[What you are asked to do] If a line of the data below contains the string "that", copy it into your answer.

[The data]
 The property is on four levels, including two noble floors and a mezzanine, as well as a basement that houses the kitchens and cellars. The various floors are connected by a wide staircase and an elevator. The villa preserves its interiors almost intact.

--

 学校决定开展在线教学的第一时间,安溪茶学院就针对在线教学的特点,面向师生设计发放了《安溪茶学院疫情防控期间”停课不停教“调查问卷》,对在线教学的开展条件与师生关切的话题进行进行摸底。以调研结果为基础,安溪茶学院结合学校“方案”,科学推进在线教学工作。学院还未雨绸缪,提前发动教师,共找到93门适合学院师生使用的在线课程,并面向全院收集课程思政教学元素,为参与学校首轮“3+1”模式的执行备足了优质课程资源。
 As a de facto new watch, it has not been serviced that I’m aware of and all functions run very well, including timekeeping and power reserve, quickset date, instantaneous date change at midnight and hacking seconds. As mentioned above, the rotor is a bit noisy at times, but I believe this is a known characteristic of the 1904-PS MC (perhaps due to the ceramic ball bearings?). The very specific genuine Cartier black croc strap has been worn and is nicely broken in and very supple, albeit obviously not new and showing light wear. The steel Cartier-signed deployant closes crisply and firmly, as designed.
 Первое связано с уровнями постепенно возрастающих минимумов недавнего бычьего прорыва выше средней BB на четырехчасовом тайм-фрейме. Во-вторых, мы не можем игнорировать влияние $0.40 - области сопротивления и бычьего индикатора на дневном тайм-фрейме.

[Written solution]
 The property is on four levels, including two noble floors and a mezzanine, as well as a basement that houses the kitchens and cellars. The various floors are connected by a wide staircase and an elevator. The villa preserves its interiors almost intact.
 As a de facto new watch, it has not been serviced that I’m aware of and all functions run very well, including timekeeping and power reserve, quickset date, instantaneous date change at midnight and hacking seconds. As mentioned above, the rotor is a bit noisy at times, but I believe this is a known characteristic of the 1904-PS MC (perhaps due to the ceramic ball bearings?). The very specific genuine Cartier black croc strap has been worn and is nicely broken in and very supple, albeit obviously not new and showing light wear. The steel Cartier-signed deployant closes crisply and firmly, as designed.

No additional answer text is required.